What is a data catalog and why you need one?
A data catalog organizes your information assets and empowers data citizens with business-ready data.
Here’s a common scenario: Alex is working on a data analytics project for her retail company to better understand success of shoe sales versus jewelry and predict future sales. Her company is split up by departments, so she has to go to the shoe line-of-business and the jewelry line-of-business for the data she needs for her analysis. She submits a form for each requesting data that would meet her business needs. She waits. And she waits. She meets with the team to clarify her request. She waits. And she waits.
Finally, they say she will have access to her data soon – the team is just masking the data for her. It ends up taking a few weeks to get her hands on the right data that she needs. Then it takes her another week to figure out what each column means and prepare the data for her project.
A few things that could have been sped up here: finding the right data, masking that data, then explaining the data.
A few things that could have been improved upon: validation that she has all the relevant, current data for her project and trust that the data is of high quality.
If Alex’s company used an enterprise data catalog, all of those pain points could potentially disappear.
What is a data catalog?
A data catalog organizes your company’s information assets so it’s easy for people like Alex to find what they’re looking for. Libraries use catalogs to help readers find all of the books available in each of their branches. Readers can search on genre, reviews, and popularity; learn more about the book they want to check out; read the librarian’s reviews of the book; and then find that book in one of the library’s branches.
A data catalog is similar. A data catalog lets data analysts find all the data available in each database or application maintained by their company. Business analysts can search on data type, reviews, and popularity; preview the data; see what others say about it; better understand its quality; and then download the data asset for their project and analyze it.
On top of that, data catalogs which are tightly integrated with a governance platform, help your business comply with changing regulations and policies and help provide your data citizens access to governed data. After classification of data assets, rules can be created that anonymize or restrict access to certain data, so data personally-identifying information does not end up in the wrong hands.

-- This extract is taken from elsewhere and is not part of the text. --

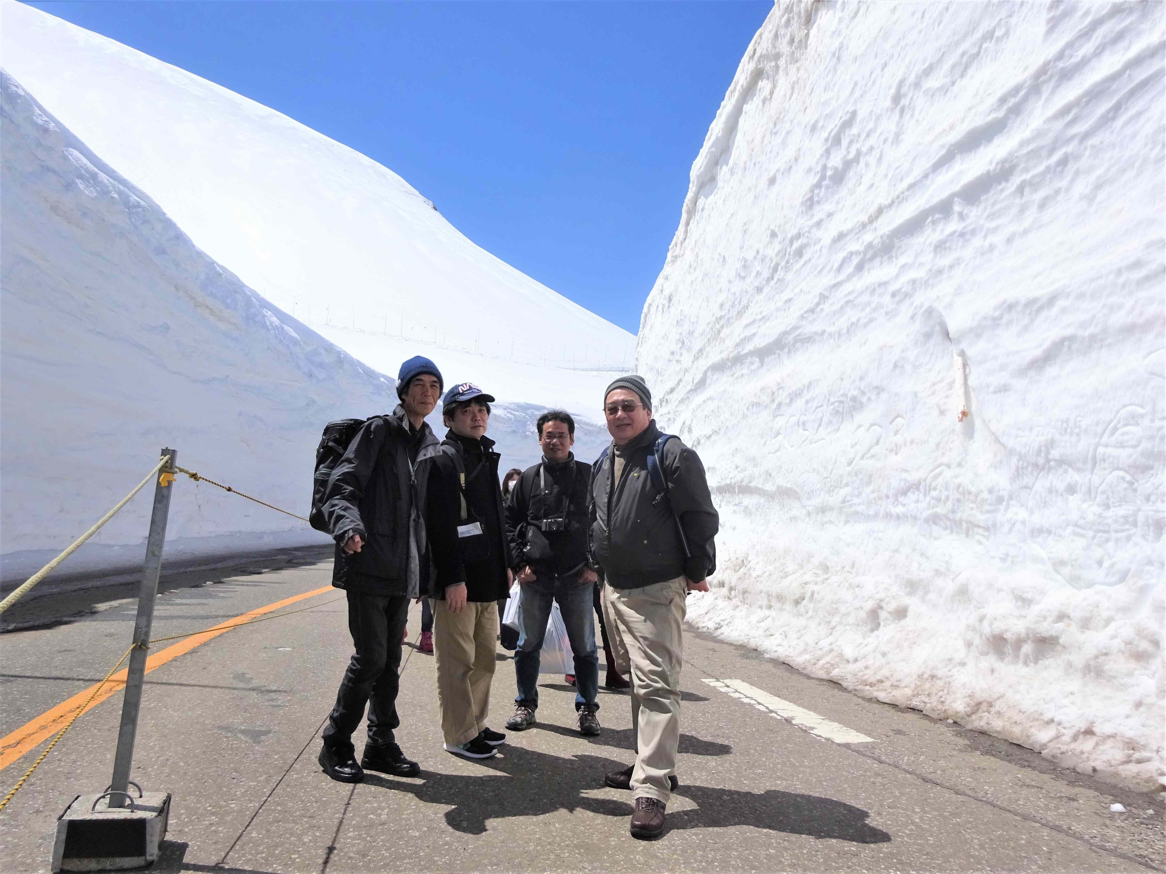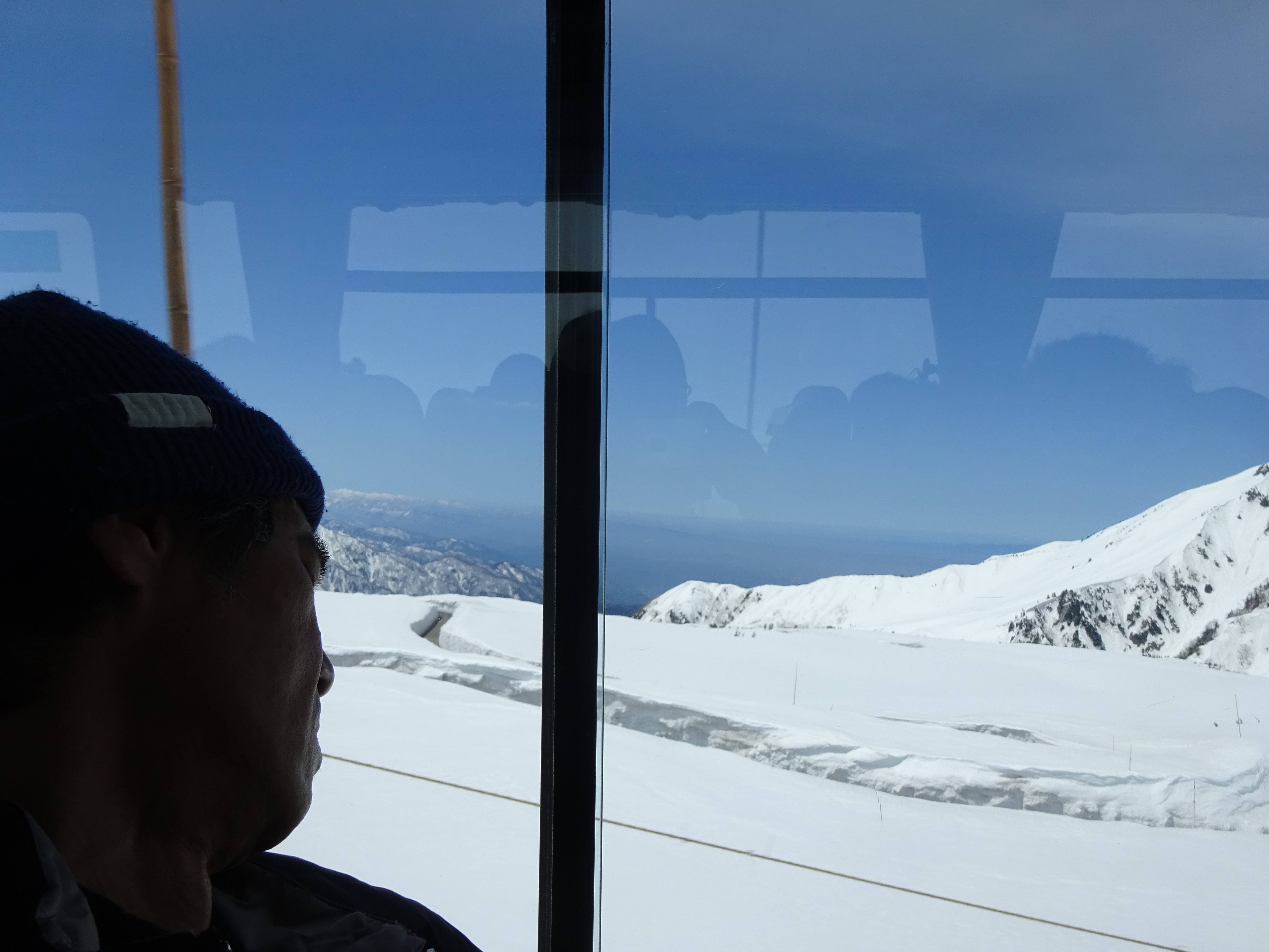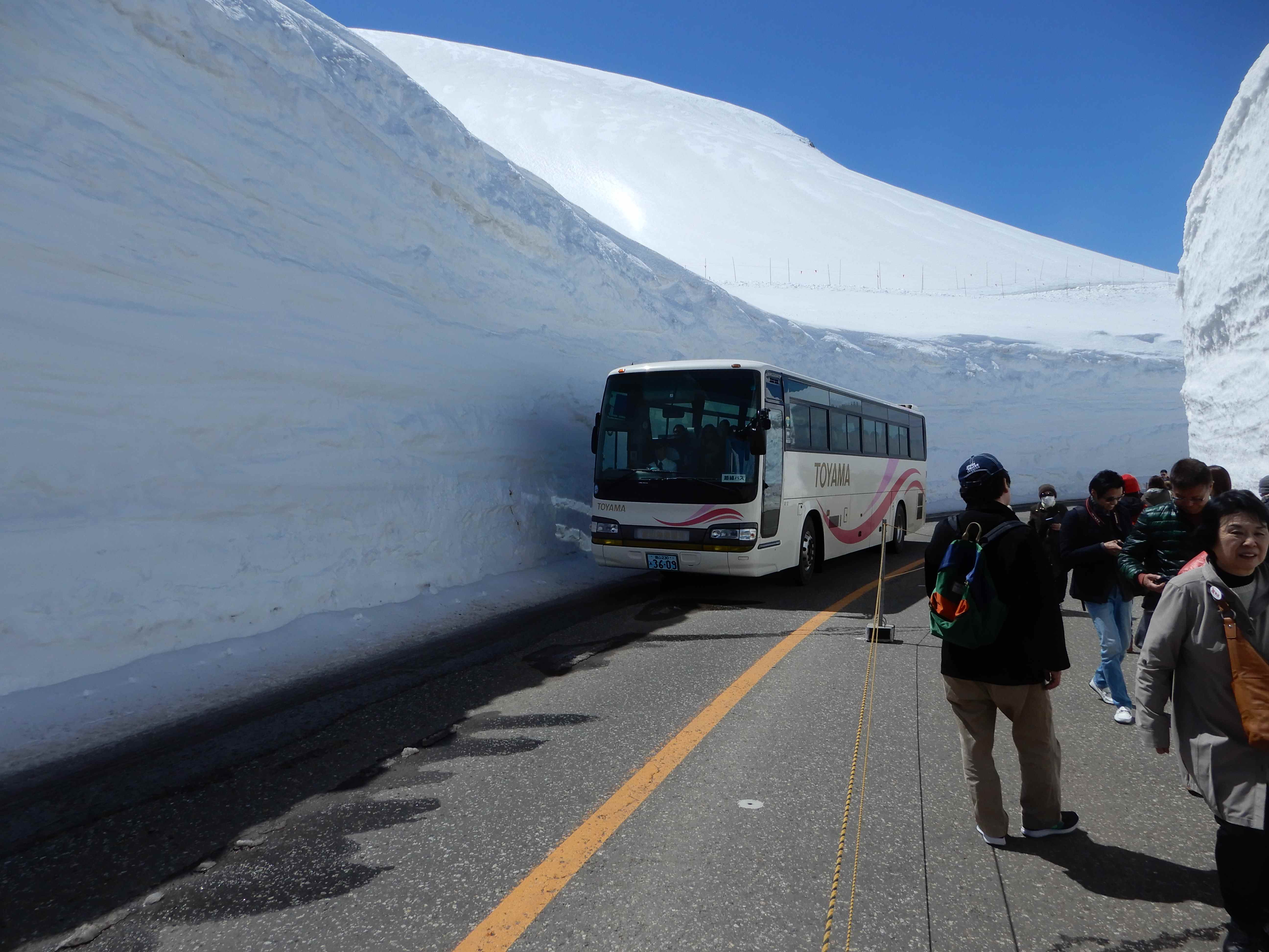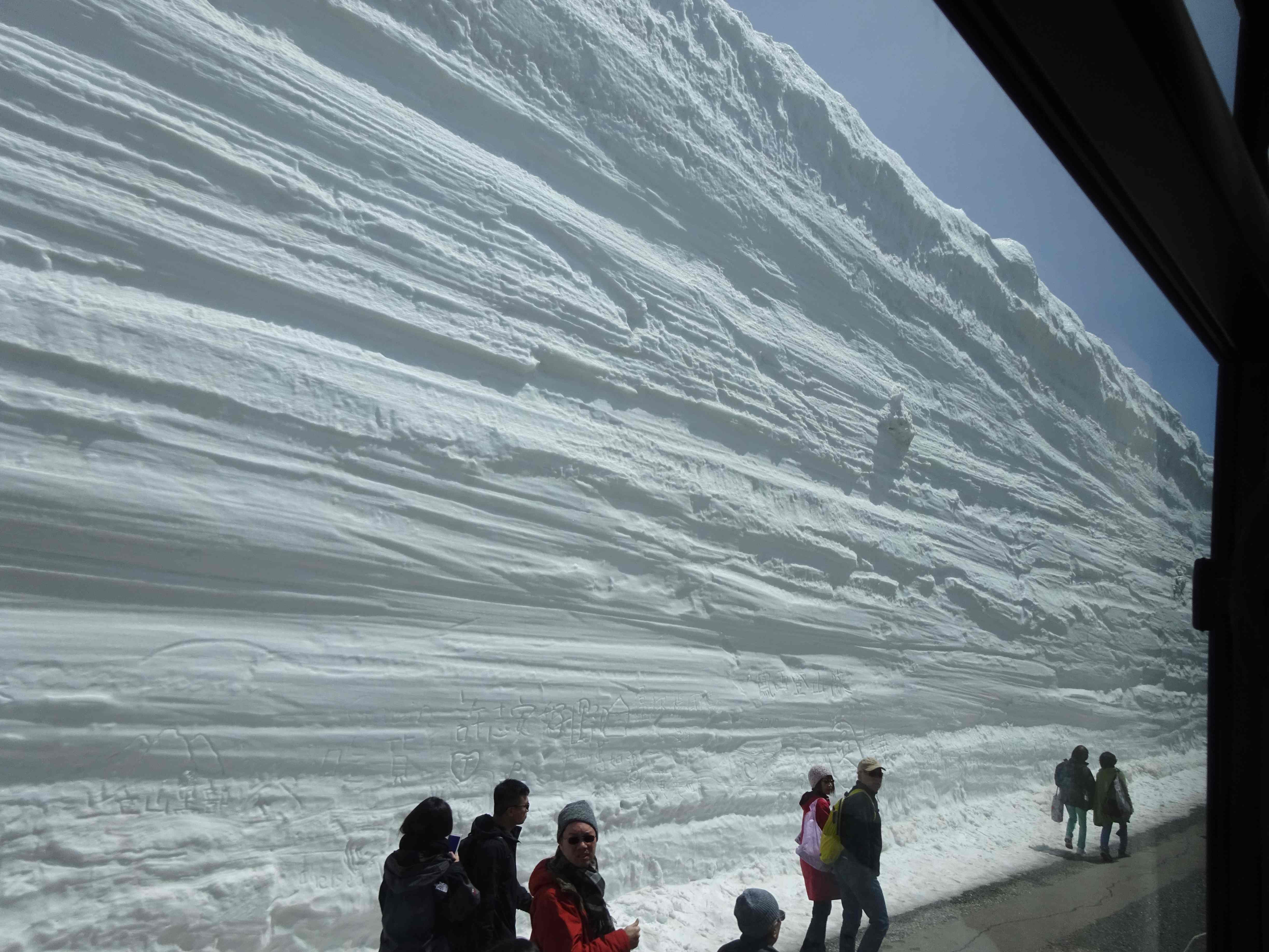 バスは50分かけて、つづら折りの山道を1500m駆け登る。睡眠不足と酒盛りのせいで、動き出すとすぐに睡魔に襲われた。終点の室堂ターミナルの手前500mにわたり、高さ20mにも迫る巨大な雪の壁がある。これが「雪の大谷」である。このあたりに来ると車内が騒がしくなり、自然に目が覚めた。外を見ると巨大な雪の壁の前に大勢の観光客がいた。

5 reasons to have an enterprise data catalog
Speed and self-service. Rather than submitting requests to an IT group for data that will meet analysts’ business needs, Analysts simply search through a data catalog themselves. This frees up more time for the IT group and means that the analyst wouldn’t need to wait for them to get back to him or her. It provides self-service access to data to data citizens.
Comprehensive search and access to relevant data. You don’t know what you don’t know. An analyst will not know if they’re missing relevant data or the most up to date asset unless they can search across all available data assets. They might find something they would not have been able to find before which can augment their analysis and provide better insights.
Meaningful context. When an analyst finds a data asset that would be useful to them, they can read a description, view business metadata and business term definitions, and read comments provided by others about the data. That way, the analyst can put each column in a data asset in the context of their business.
Improves trust and confidence in data. By previewing the data and profiling it, an analyst can very quickly see if certain fields have null or incorrect values. This makes cleansing the data even easier. The quality scores and social recommendations on the data asset help improve the confidence in data for an analyst to use.
Protects data while staying compliant. Instead of an IT professional masking each column, data rules automatically run based on automatic classification of data. So companies never have to worry about the wrong data getting into the wrong hands.
Why IBM Watson Knowledge Catalog?
It can sometimes feel like the wild West out there in the data catalog market. But remember, a standalone data catalog which cannot integrate tightly with your enterprise governance platform could potentially give bad quality data in the hands of your data citizens.
IBM Watson Knowledge Catalog, a machine learning powered data catalog, satisfies all of the key data catalog capabilities as well as provides seamless integration with IBM's data integration, quality and governance products and other IBM Watson technologies for analysts and data scientists to use their data in reports, analytics projects, and models.
With IBM Watson Knowledge Catalog, Alex would’ve found out that jewelry is way more profitable than shoes in the time it took to submit her request to the departments. She then would have had another month to predict buying trends in other lines-of-business. Her IT department would have had more time to finish their data projects since they would have been less distracted with data requests. Everybody wins with a data catalog.